When we started worked with hundreds of families as a college selection service, the conversations about college were rather predictable, centering around three main questions:
What is the best school for our child?
What should she major in to get the best career?
How can he get accepted at the best schools?
What these questions neglected to address were the growing role that finances play in a student's - and family's - college experience. Most often families will choose which school to attend and then figure out how to pay for it. However - once assumed to be a great investment - college has come under scrutiny in the last few years, not only for the exponential price increase, but for a seeming inability to prepare its graduates for the workplace.
Did you know:
Only 59% of students who begin college at a 4-year institution this year will graduate?
Colleges are given six years (not four!) to report the previous statistic?
The average student changes his or her major three times?
The average student loan burden on college grads is more than $28,000?
Student loan debt is the only debt that cannot be dissolved in bankruptcy?
38% of college graduates are working in jobs that require only a high school diploma?
The "elephant in the room" reared its ugly, expensive head in August 2016 when the Consumer Reports cover story on college debt read simply: "Going to College Basically Ruined My Life."
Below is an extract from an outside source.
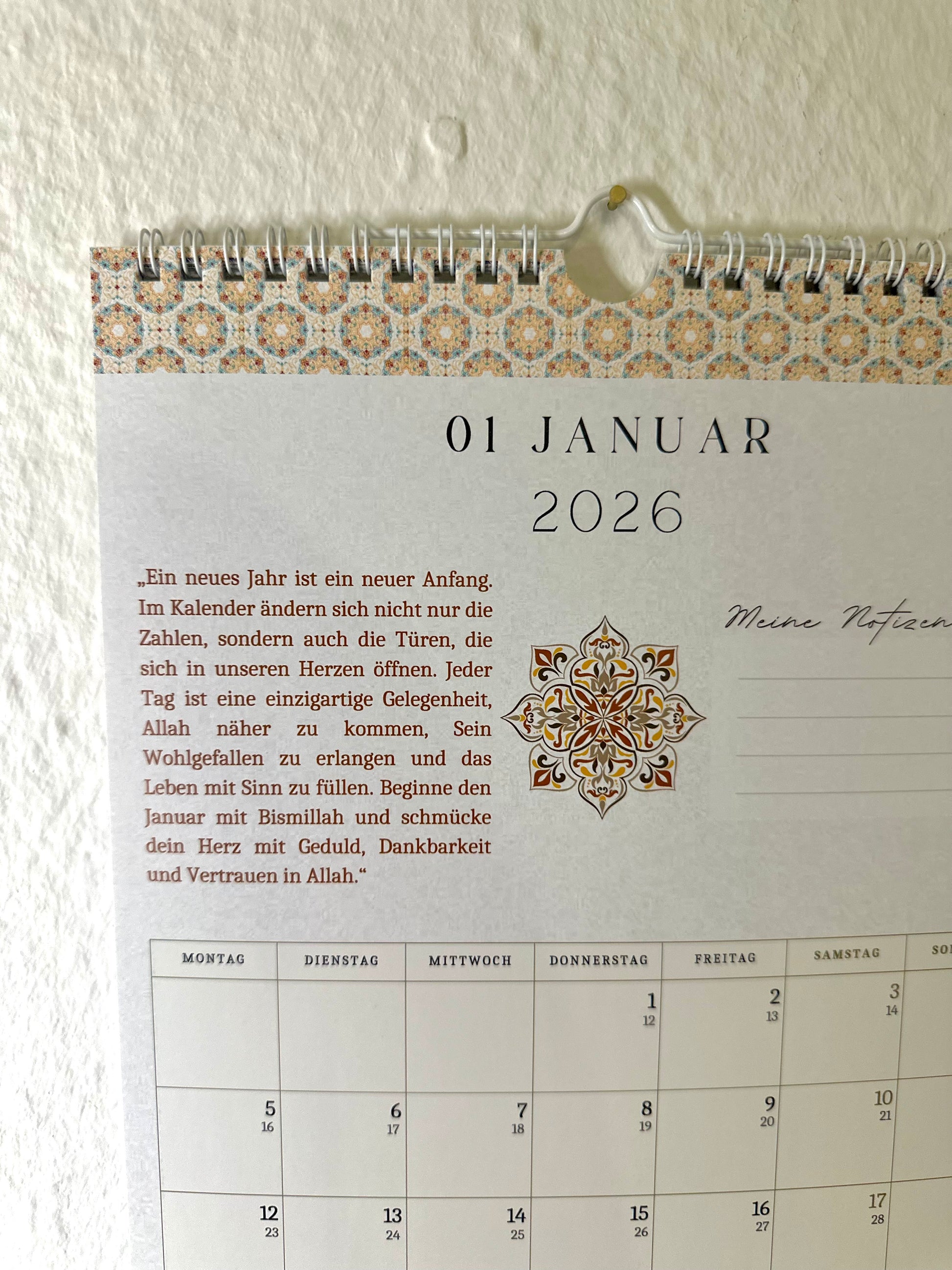 Dieser liebevoll gestaltete islamische Wandkalender begleitet dich durch das Jahr 2026 – mit inspirierenden Versen aus dem Qur’an, den Namen Allahs und wunderschönen floralen Mustern, die jeden Monat zu einem besonderen Erlebnis machen. 🌿

With these statistics - and our own experiences as a college students - in mind, as Certified College Funding Specialists we now ask parents these types of questions:
What’s your plan for paying for college for your children?
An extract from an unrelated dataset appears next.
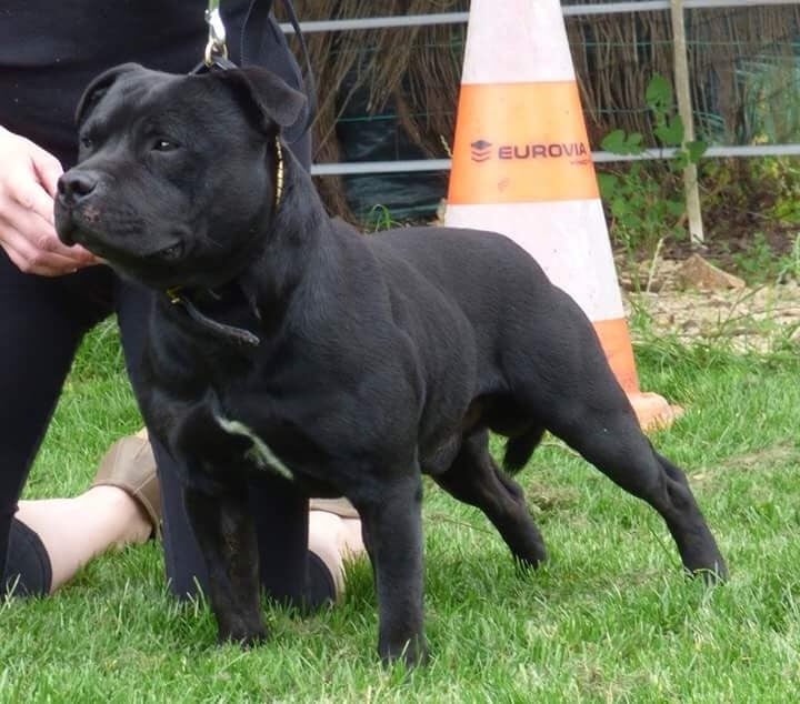 male staffie pur noir super pedigree 12 champions sur 15 chiens au pedigree .....

What impact will financing your child's education have on your retirement goals?
Do your child want to graduate from college debt-free?
How important is the price of college in determining which school to attend?
Does the tuition at your child's preferred colleges make sense considering her career salary projections?
What is the cheapest, fastest way to start the career your child has chosen?
With questions like these as the starting point for a college search or a college financial success plan, families are equipped and empowered to make great decisions for everyone - the student, younger children, and the parents - both for the duration of college and for the long-term.